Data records
==*==

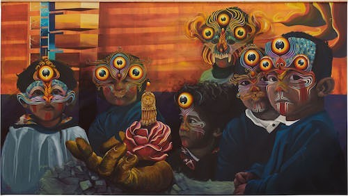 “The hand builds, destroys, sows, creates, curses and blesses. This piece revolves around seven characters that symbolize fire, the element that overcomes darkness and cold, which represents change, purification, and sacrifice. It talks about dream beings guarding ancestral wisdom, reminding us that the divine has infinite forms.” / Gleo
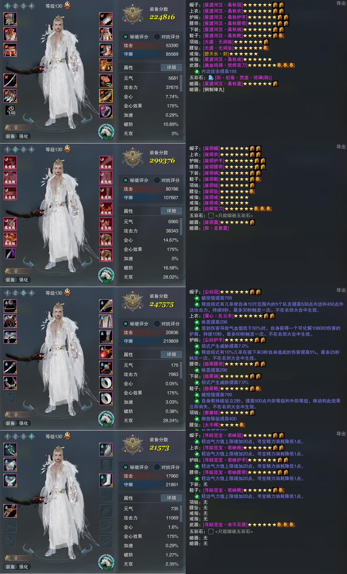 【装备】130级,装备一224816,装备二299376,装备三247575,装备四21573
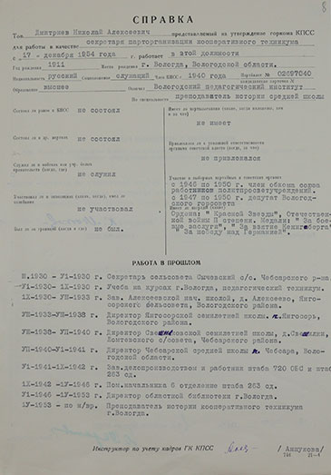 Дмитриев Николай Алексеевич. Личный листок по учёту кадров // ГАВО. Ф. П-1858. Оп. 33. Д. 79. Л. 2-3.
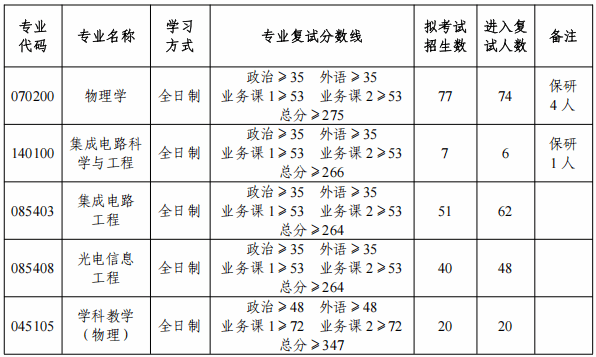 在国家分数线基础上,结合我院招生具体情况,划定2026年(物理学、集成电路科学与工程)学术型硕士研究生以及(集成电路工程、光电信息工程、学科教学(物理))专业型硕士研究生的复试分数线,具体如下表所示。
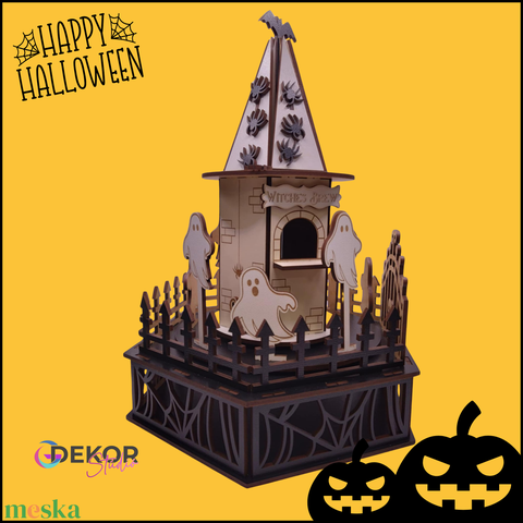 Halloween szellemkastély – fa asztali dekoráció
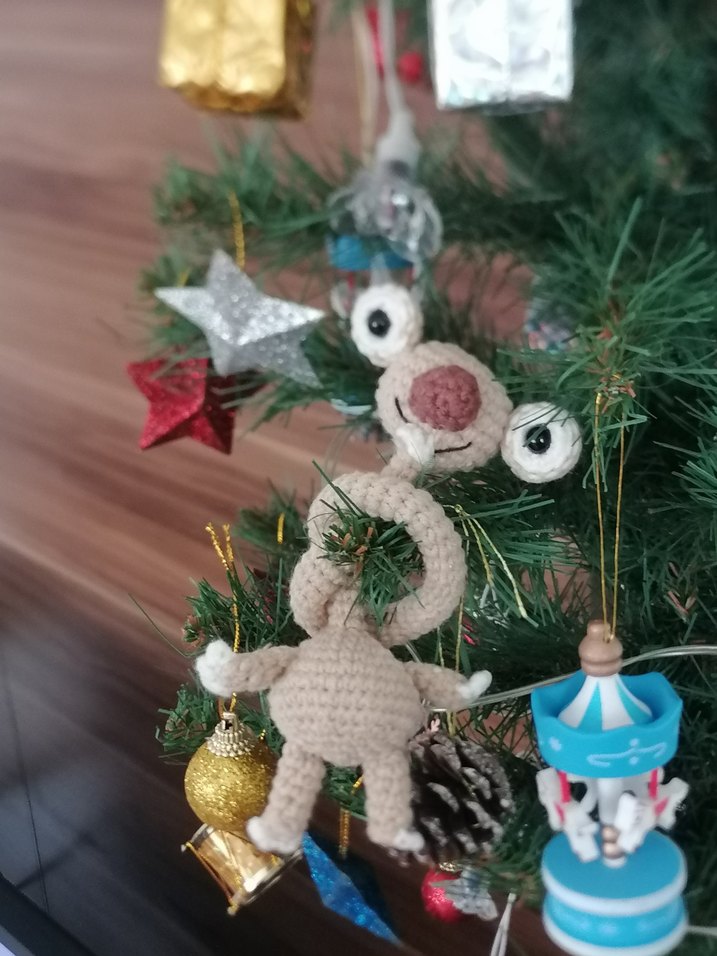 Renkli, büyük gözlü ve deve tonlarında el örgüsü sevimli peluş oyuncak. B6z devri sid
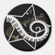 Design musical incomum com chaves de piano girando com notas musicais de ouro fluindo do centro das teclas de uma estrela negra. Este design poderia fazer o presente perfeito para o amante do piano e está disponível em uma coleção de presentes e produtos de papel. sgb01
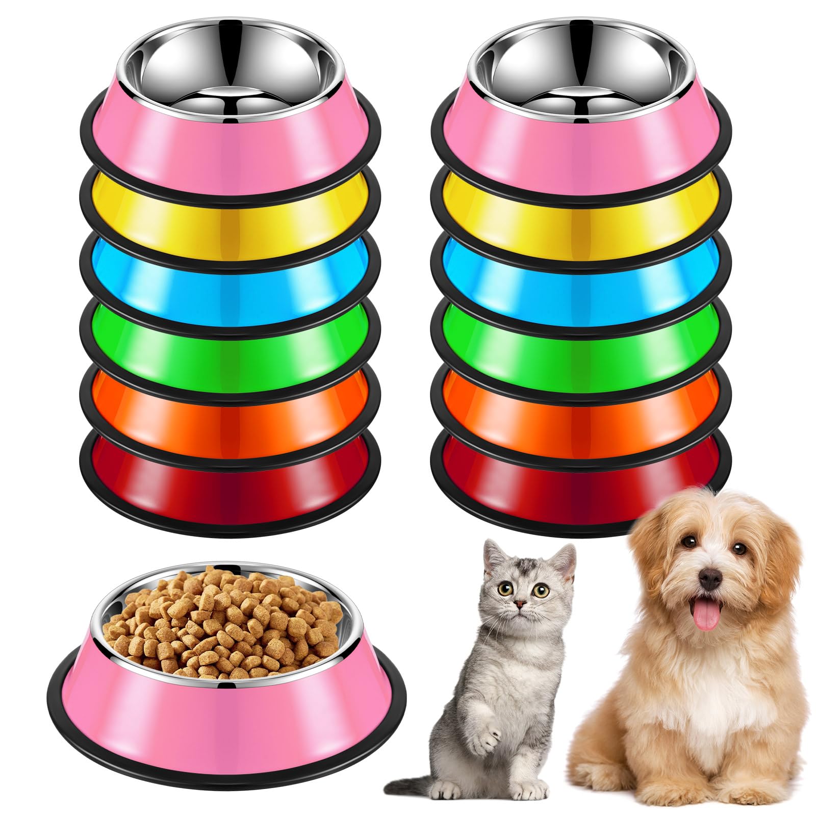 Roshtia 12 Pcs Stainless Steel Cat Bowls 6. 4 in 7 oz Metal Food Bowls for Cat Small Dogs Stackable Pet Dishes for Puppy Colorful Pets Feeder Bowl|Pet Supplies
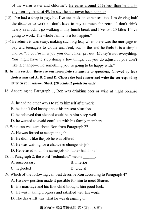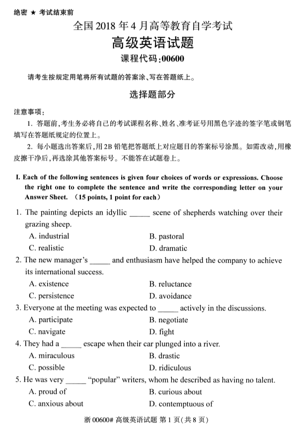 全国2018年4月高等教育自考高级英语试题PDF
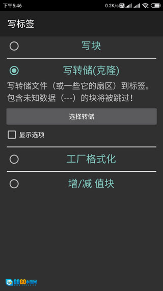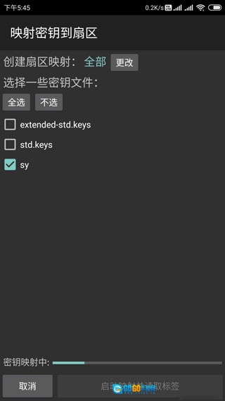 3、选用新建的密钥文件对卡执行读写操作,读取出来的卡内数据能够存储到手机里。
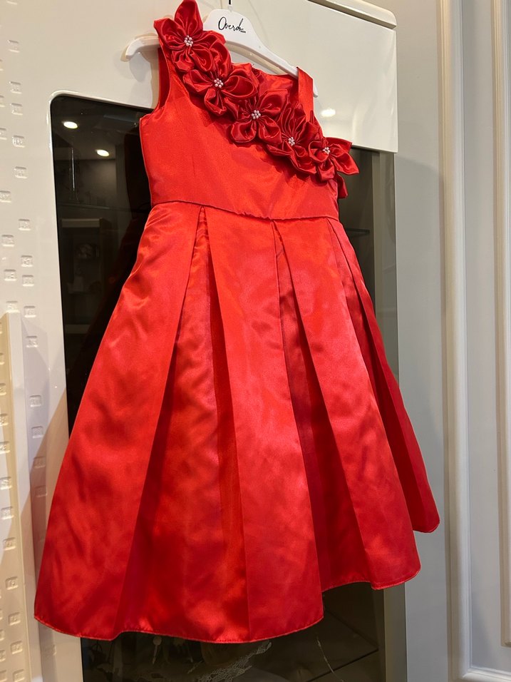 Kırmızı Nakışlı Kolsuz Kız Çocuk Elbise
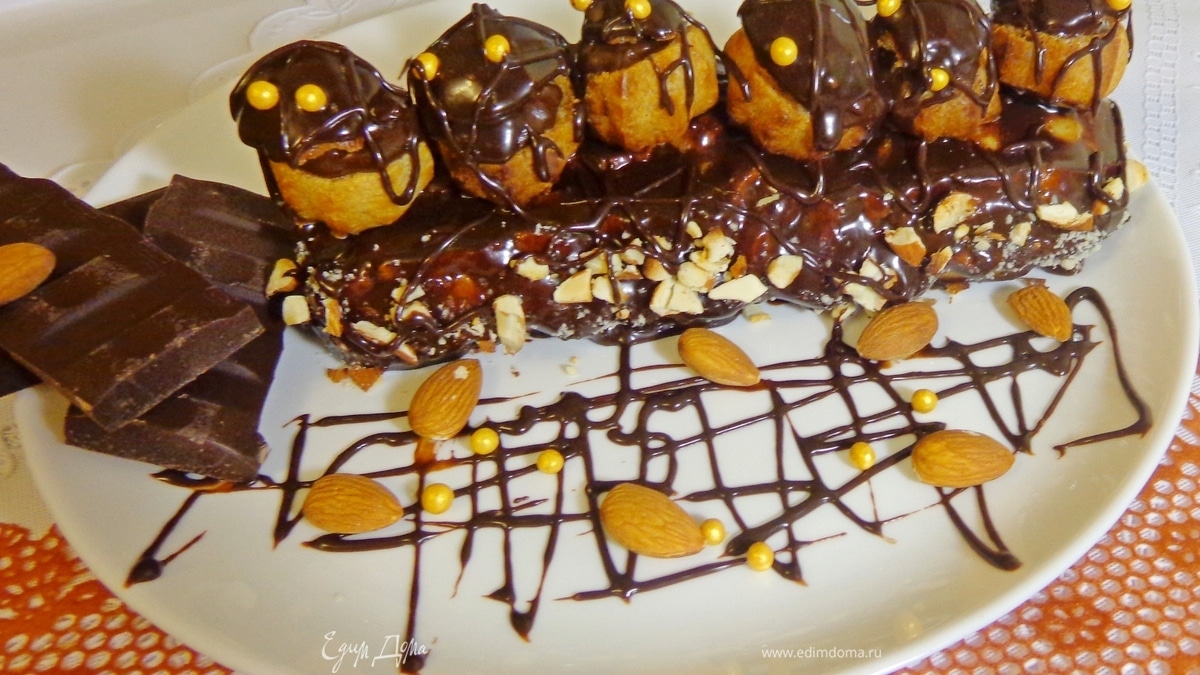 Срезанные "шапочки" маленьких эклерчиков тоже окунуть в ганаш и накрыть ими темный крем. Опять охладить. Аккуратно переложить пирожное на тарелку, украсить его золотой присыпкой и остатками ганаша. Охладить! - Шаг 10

==*==

What you set down should be exactly the lines from the line containing "在国家分数线基础上,结合我院" to the last line of the entries above, both included, with no pictures.

 在国家分数线基础上,结合我院招生具体情况,划定2026年(物理学、集成电路科学与工程)学术型硕士研究生以及(集成电路工程、光电信息工程、学科教学(物理))专业型硕士研究生的复试分数线,具体如下表所示。
 Halloween szellemkastély – fa asztali dekoráció
 Renkli, büyük gözlü ve deve tonlarında el örgüsü sevimli peluş oyuncak. B6z devri sid
 Design musical incomum com chaves de piano girando com notas musicais de ouro fluindo do centro das teclas de uma estrela negra. Este design poderia fazer o presente perfeito para o amante do piano e está disponível em uma coleção de presentes e produtos de papel. sgb01
 Roshtia 12 Pcs Stainless Steel Cat Bowls 6. 4 in 7 oz Metal Food Bowls for Cat Small Dogs Stackable Pet Dishes for Puppy Colorful Pets Feeder Bowl|Pet Supplies
 全国2018年4月高等教育自考高级英语试题PDF
 3、选用新建的密钥文件对卡执行读写操作,读取出来的卡内数据能够存储到手机里。
 Kırmızı Nakışlı Kolsuz Kız Çocuk Elbise
 Срезанные "шапочки" маленьких эклерчиков тоже окунуть в ганаш и накрыть ими темный крем. Опять охладить. Аккуратно переложить пирожное на тарелку, украсить его золотой присыпкой и остатками ганаша. Охладить! - Шаг 10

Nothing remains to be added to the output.